Even when the data is sound, transparency and trust remain issues. AI can flag an upcoming trend, but if marketers can’t explain the rationale to management (the “black box” problem), it may breed skepticism. Moreover, as Vaibhav Gupta, co-founder of influencer platform KlugKlug, notes, the rise of AI-generated content itself demands caution. “Labeling AI-generated posts, applying robust fraud detection to weed out bots or fake followers, and maintaining human oversight in creative direction are no longer optional,” Gupta says. In other words, companies must clearly distinguish organic cultural signals from AI-fabricated ones. If an AI system starts auto-generating trendsetting content, it could distort the very culture it’s meant to measure. This blurring of lines raises ethical questions: Will AI predict culture, or begin to create culture? For now, Indian firms are treating AI as an aid, not a replacement – a powerful telescope for seeing further ahead, but not the star of the show.

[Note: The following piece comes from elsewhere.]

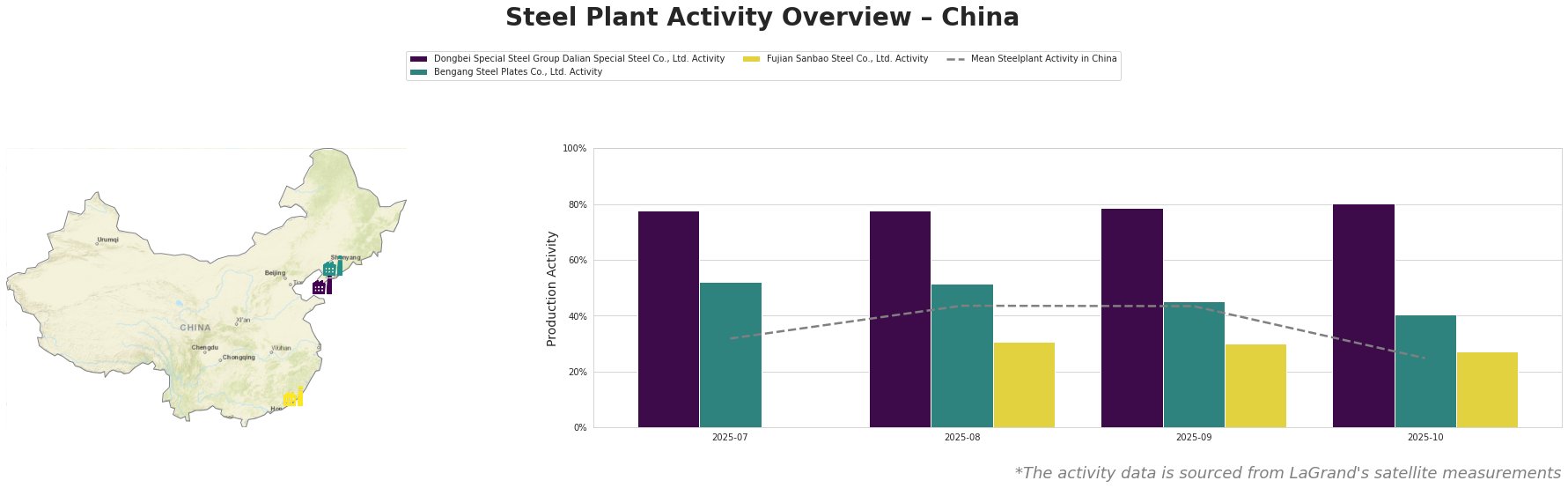 Activity at Dongbei Special Steel remained high, with peak levels of 80% in October, although it dropped to 25% mean activity overall by the end of October, indicating instability. There is no explicit connection to the EV trade disputes.

Crucially, regulators are also watching. A recent Competition Commission of India study flagged emerging risks of algorithmic collusion, opacity in AI decision-making, and unequal access to data and compute if AI adoption goes unchecked. The worry is that big companies with superior AI might shape market trends to their advantage, or that secret algorithms might inadvertently price-fix or discriminate, undermining consumer trust. To counter this, India is talking about “AI compliance culture” – ensuring that AI-driven predictions and decisions abide by fair practices and don’t stifle healthy competition.

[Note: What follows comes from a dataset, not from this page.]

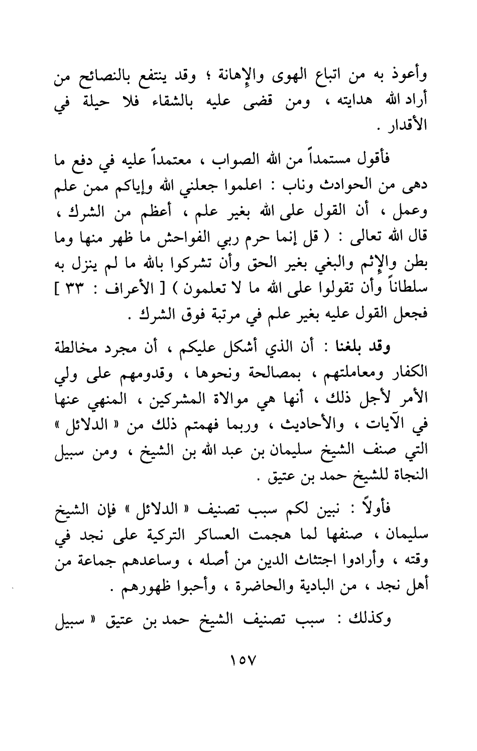 فأولا: نبين لكم سبب تصنيف "الدلائل"، فإن الشيخ سليمان، صنفها لما هجمت العساكر التركية على نجد في وقته، وأرادوا اجتثاث الدين من أصله، وساعدهم جماعة من أهل نجد، من البادية والحاضرة، وأحبوا ظهورهم.

In sum, AI has become an indispensable tool for India’s businesses to forecast cultural and consumer trends, but it’s a tool that must be used thoughtfully. The long-term success of cultural prediction will depend on a balanced approach: combining AI’s speed and scale with human creativity, ethics, and cultural intuition. “The future is AI-powered,” concludes ITC’s consumer insights head, after seeing productivity soar with AI in research. Yet, as India’s experience shows, the human touch – understanding the emotions, values and diversity behind the data – remains as crucial as ever. AI may learn fast, but Indian culture isn’t a code to be cracked; it’s a living, breathing narrative, one that technology and people will co-author together in the years to come.

Disclaimer: All quotes are either sourced directly or attributed to public statements.